Boris Johnson: 'Sometimes you need to take a position fraught with risk'
I've been sent a recording of a "presentation" made on Tuesday by the great champion of Brexit, Boris Johnson, over breakfast in Amsterdam.
He was talking to "chief risk officers" of financial firms at an event called RiskMinds International, that was sponsored by – inter alia – the huge accounting firm PwC and the management consultancy McKinsey.
Days before that big vote on Theresa May's version of Brexit, which Johnson passionately opposes, he talks about the importance of politicians, like his hero Churchill, taking a stand against the establishment and "gambling"” – making a "giant bet" – to do the right thing.
I am not going to comment much on what he says, other than to point out that he says both that what happened when we went to war with Hitler is a lesson for today and not a lesson for today (classic Johnson having and eating cake).
And you will notice he takes a swipe at business and much of his own party for wanting to accommodate Hitler – which some may see as a nod by him to his view that big business and his Cabinet colleagues today should be ignored when they say they like May's Brexit plan.
Read on, and either boo or cheer, as you think fit.
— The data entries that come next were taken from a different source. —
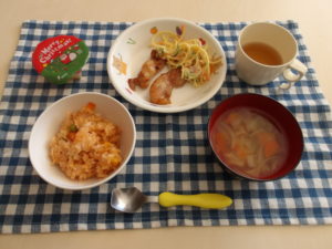 ケチャップライス ローストチキン スパゲティーサラダ コンソメスープ クリスマスゼリー
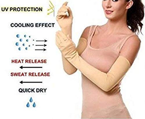 Shoppyana Men's and Women's Cotton Hand Summer Gloves for Protection From Sun Burn/Heat/Pollution (Beige, Free Size)
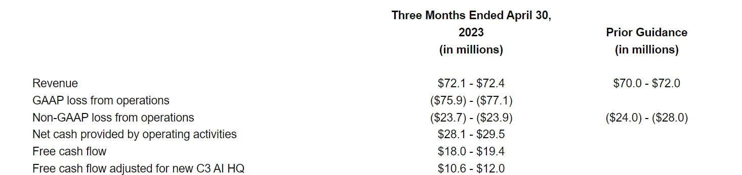 值得注意的是,C3.ai 在5月15日公布了截至4月30日的第四财季初步业绩,该公司预计营收在7210万美元至7240万美元之间,超过了华尔街预期和该公司的指引。C3.ai还预计,经营活动产生的净现金为2810万美元至2950万美元,自由现金流为1800万美元至1940万美元,调整后运营损失在2370万美元至2390万美元之间,高于指引。
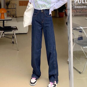 开叉直筒深蓝色牛仔裤女2021秋季新款复古宽松百搭...
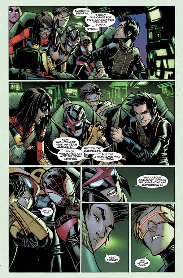 ปากีสถานมีเหตุด่วนเหตุร้าย ทีมแชมเปี้ยนส์จึงขับยานไปที่นั่น (ผมว่าแม้ดดี้ไม่ควรโผล่มาในตอนที่ 1 เลยนะ เพราะทะเลาะกับโชใน Civil War II นี่พอหลังตอน 2 มา...หายเนียนเลย) ระหว่างทางก็เถียงกันว่าใครเป็นหัวหน้าทีม (โนว่าแหย่เล่นด้วยการเสนอสก๊อต)
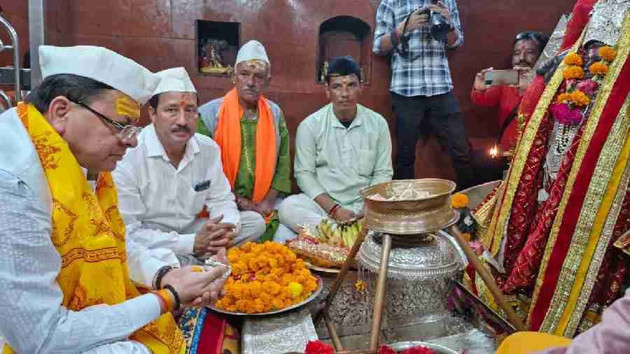 इससे पहले मुख्यमंत्री ने सिद्धपीठ हाटकलिका मंदिर में माँ महाकाली की पूजा-अर्चना कर प्रदेश की खुशहाली की कामना की। मुख्यमंत्री ने श्री महाकाली मंदिर परिसर में एक रुद्राक्ष का पौधा लगाकर एक पेड़ मां के नाम अभियान के तहत वृक्षारोपण कर आम जनमानस को संदेश दिया कि सभी जनमानस अवश्य एक पेड़ मां के नाम अभियान के तहत वृक्षारोपण करें। इस अवसर पर मुख्यमंत्री ने क्षेत्र के विकास से संबंधित अनेक घोषणा की जिसमें विकास खण्ड बेरीनाग के अंतर्गत चौड़मनिया – कीमतोली मोटर मार्ग पर सेतु निर्माण का कार्य ,राजीव गांधी नवोदय विद्यालय गंगोलीहाट की चार दिवारी का निर्माण कार्य, राजकीय इंटर कॉलेज गंगोलीहाट के मैदान का चौड़ीकरण तथा गंगोलीहाट में ट्रॉमा सेंटर बनाने, राजकीय कन्या इंटर कॉलेज भवन की मरम्मत किये जाने, न्याय पंचायत केंद्र पोखरी में स्थित विद्यालय को उच्चीकृत किये जाने, सरयू तथा रामगंगा के संगम स्थल पनार घाट का सौंदर्यीकरण किये जाने के साथ ही राजकीय महाविद्यालय गणाई में पुस्तकालय का निर्माण किये जाने की घोषणाएं की गई।
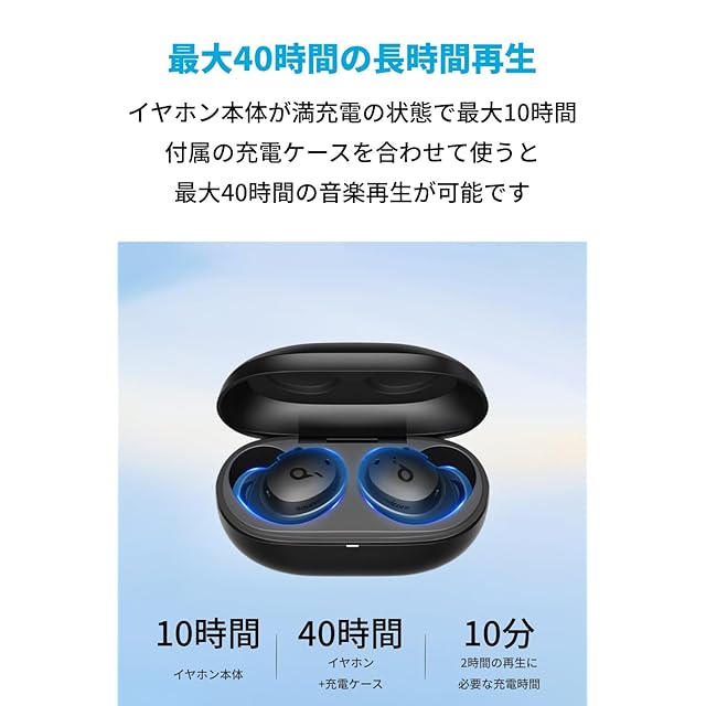 長時間再生・短時間充電:イヤホン本体が満充電の状態で最大10時間、付属の充電ケースを合わせて使えば最大40時間の音楽再生が可能です。また、10分間の充電で約2時間の音楽再生が可能です。
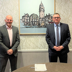 Steve Hunt (L), Stork’s Regional Director for the UK finalizes the agreement with Dave Tomlinson (R), Sellafield’s Head of Inspection Services, Inspection and Certification Group. (Photo: Business Wire)
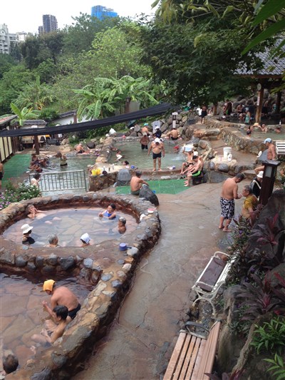 北投公園露天溫泉浴池,泡湯客絡繹不絕。圖/台北市公園處提供
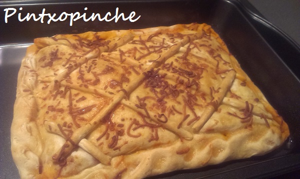 - Ponemos sobre una placa de horno con papel sulfurizado la masa estirada de mayor tamaño, sobre esta el relleno, cubrimos con la masa más pequeña, sellamos con los dedos los bordes, decoramos con restos de masa y untamos con huevo.
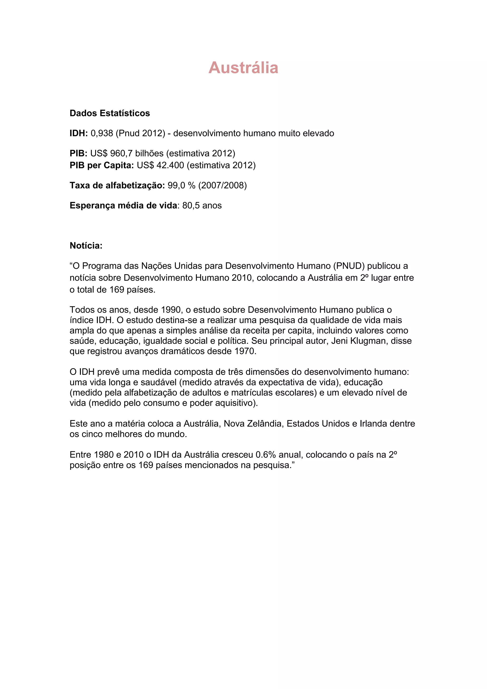 O documento fornece dados estatísticos e notícias sobre o desenvolvimento humano na Austrália e no Burundi. A Austrália tem um IDH muito elevado de 0,938 e está em segundo lugar no ranking global de desenvolvimento humano, enquanto o Burundi tem um baixo IDH de 0,35 e está entre os piores colocados. A notícia também menciona que a Noruega lidera o ranking de IDH em 2011.
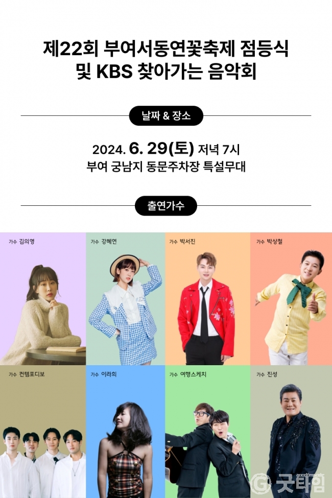 [굿타임] = 이강부 기자 = 부여군은 오는 29일 제22회 부여서동연꽃축제 경관조명 점등식과 KBS 찾아가는 음악회를 개최한다.
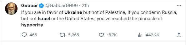 美國合眾國際社(UPI)報道注意到,有很多媒體專欄作者和社交媒體用戶都指出了西方在俄烏沖突等問題上的“虛偽行為”,佩特羅并不是唯一一位。例如一名認(rèn)證為“作家”的社交媒體用戶寫道:“如果你支持烏克蘭而不支持巴勒斯坦,如果你譴責(zé)俄羅斯卻不譴責(zé)以色列或美國,那么你就已經(jīng)達(dá)到了虛偽的頂峰。”
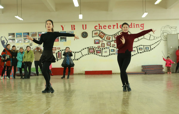 新葡的京集团35222vip啦啦队队员正在为大妈们示范拉丁舞 摄影:王铖焱
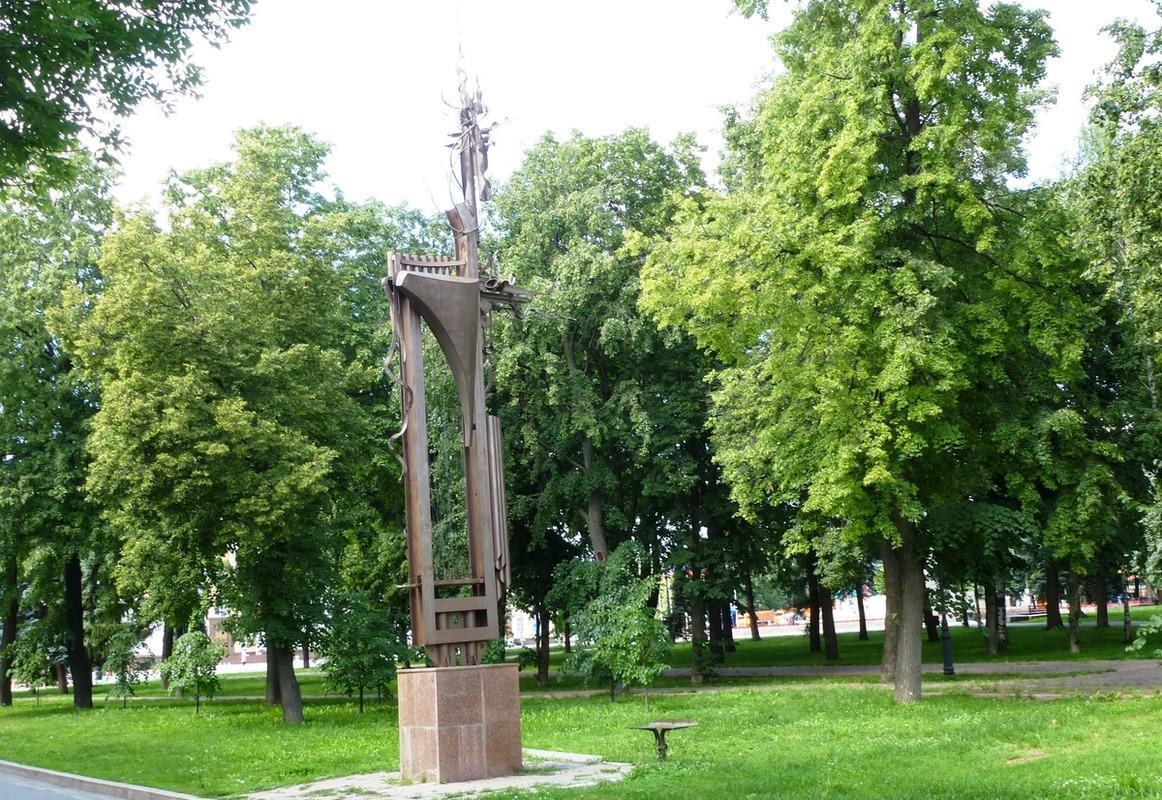 Дальше мы подошли к зданию областной филармонии. Перед ним стояла какая-то непонятная скульптура. Оказалось, что это ветровой орган, то есть музыкальный инструмент, звучащий при порывах ветра. В мире таких было всего два, и вот третий установили в 2006 году в Ульяновске. Произошло это во время фестиваля кузнечного мастерства «Поющий металл». Сооружение получилось весьма внушительным: высота 8 метров, а вес около 2 тонн. Авторы надеялись, что их творение будет издавать при порывах ветра красивые мелодичные звуки, но ничего не получилось. Во-первых, конструкция была немного не доработана, а во-вторых, место там оказалось безветренным. Однако орган продолжает стоять в качестве любопытной скульптуры и оживлять близлежащую центральную площадь.
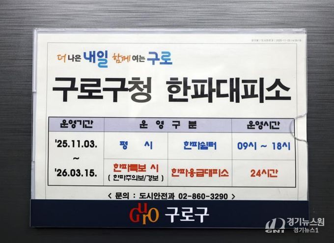 [경기뉴스원/경기뉴스1] | 구로구는 1월 20일부터 시작되는 강력 한파 예보에 따라 한파쉼터 및 응급대피소 운영 현황을 안내하고, 주민들의 적극적인 이용을 당부하고 나섰다.
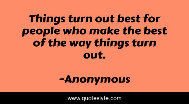 This page presents the quote "Things turn out best for people who make the best of the way things turn out.". Author of this quote is Anonymous. .
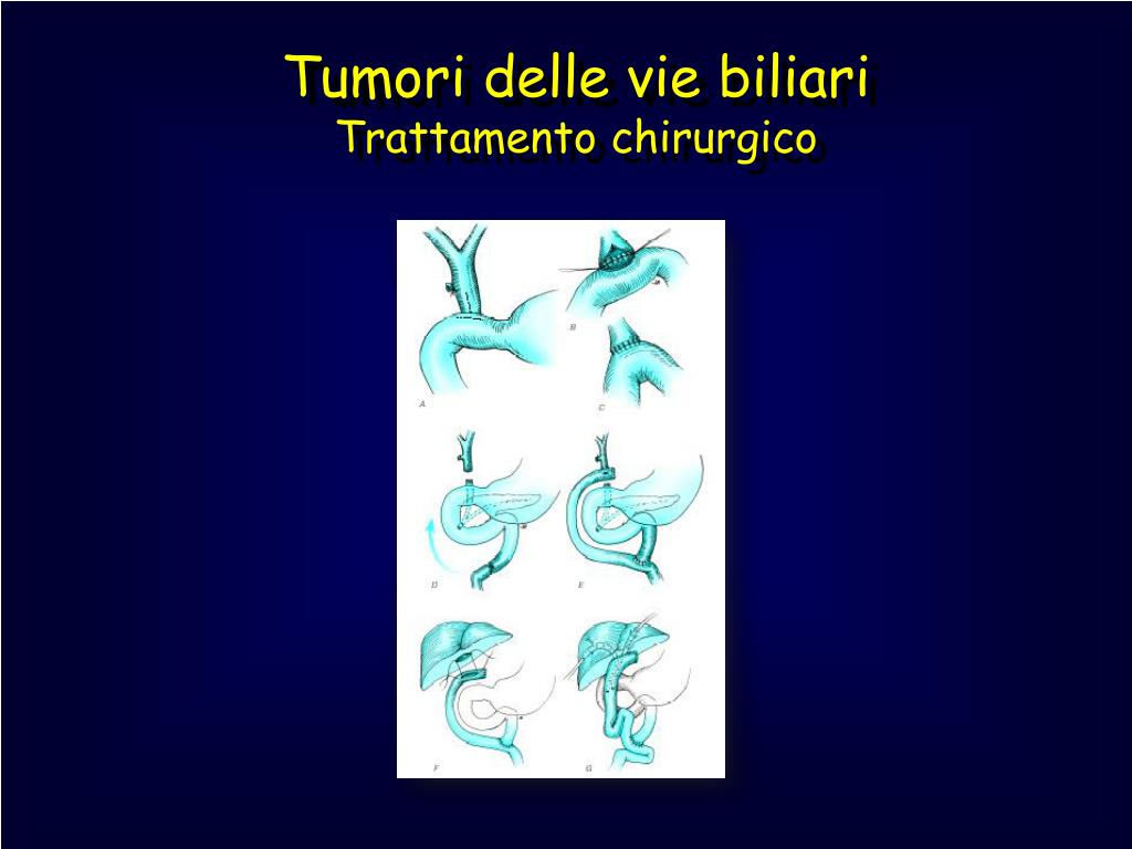 Tumori delle vie biliariNeoplasia della colecisti • Trattamento chirurgico • T1 (limitato allo strato muscolare): sufficiente la colecistectomia (reperto occasionale!) • T2 (invasione del connettivo perimuscolare): colecistectomia allargata al IV e V segmento e linfoadenectomia • T3 e T4 (interessamento della sierosa e del fegato): interventi palliativi

Here is the relevant extract.
"The job of us as politicians is to sort it out and find a solution…
"When you look at Winston Churchill you see a man whose whole career was about risk taking – he was a compulsive gambler. This was a man who took one compulsive gamble after another – and he took all sorts of positions on things that went disastrously wrong. He was wrong about Gallipoli, he was wrong about the gold standard, he was wrong about India, he was wrong about the abdication, he was spectacularly wrong for most of his political career.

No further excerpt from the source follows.